On Fri, Nov 1, 2013 at 6:17 AM, Daniel Vetter daniel.vetter@ffwll.ch wrote:
On Fri, Nov 1, 2013 at 11:03 AM, Lucas Stach l.stach@pengutronix.de wrote:
GStreamer needs _some_ way of accessing the buffer contents with the CPU, this doesn't necessarily have to be the dumb mmap we have right now. DMA-BUF support in GSt is not really finished (I know we have a lot of patches internally to make it actually work with anything, which are trickling upstream right now), so this might be a good time to hammer out how it should be done, so we can adapt GSt before people start to rely on the dma-buf fallback mmap.
I would think the bracketed mmap idea that was thrown around by Rob some time ago when the mmap topic first surfaced is simple enough that we don't need additional userspace helpers and should be enough to make the coherency issue disappear.
Yeah, if we add a BEGIN_MMAP/END_MMAP ioctl or so to the dma-buf mmap stuff and simply demand that userspace calls that we'd have something half-sane at least. Since we currently don't really have any real users we could still do this abi change I think.
One open issue is whether the BEGIN_MMAP ioctl should also synchronize with any outstanding gpu access. Imo it should, since that's pretty much how all the current drm drivers work, but maybe we should reserve space for a few flags so that this can be extended later on - Android seems to be pretty insistent on using explicit syncpoints everywhere instead of implicit synchronization. Or maybe we should have the flag already, but reject implicit syncing until Maarten's dma_fence stuff is in and enabled, dunno. Adding him to cc.

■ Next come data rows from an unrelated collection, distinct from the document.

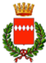
CITTA' DI SORRENTO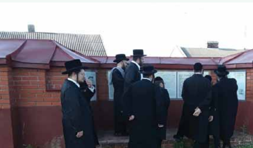
מאת: ה. שמשון

חסידים ואנשי מעשה מלונדון בראשונת נכדי כ"ק האדמו"ר מטריסק לונדון זצ"ל עלו לפקוד את ציונו באוקראינה ופקדו גם את ציוני כ"ק האדמו"רים מבעלזא וציונו של כ"ק האדמו"ר רבי שלמה מקרלין זי"ע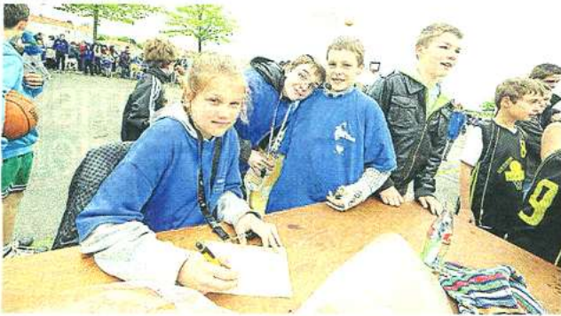
A la table de marque, les juges sont à peine plus âgés que les compétiteurs. La fête est aussi l'occasion d'apprendre aux jeunes l'art et la manière de bien arbitrer.

I suppose I wouldn't mind if we made BEGIN/END_MMAP as sort of clones of the CPU_PREP/FINI ioctls I have in msm.. where the CPU_PREP takes a flag/bitmask to indicate READ/WRITE/NOSYNC
That doesn't really help with partial buffer access, like you'd get if you were using the buffer for vertex upload. Although not really sure if we'd be seeing dmabuf's for that sort of use-case. We could make a more elaborate kernel interface that maps better to all the different cases in pipe_transfer. Or we could just say that that is overkill. I don't really have strong opinion about that (so someone who does, send an RFC). But I do agree with the "barriers only, not locks".
BR, -R
The clear thing otoh is that these two ioctls should only serve as barriers, not as locks as has been proposed in some other RFCs floating around (iirc the one from exynos was borked in this fashion).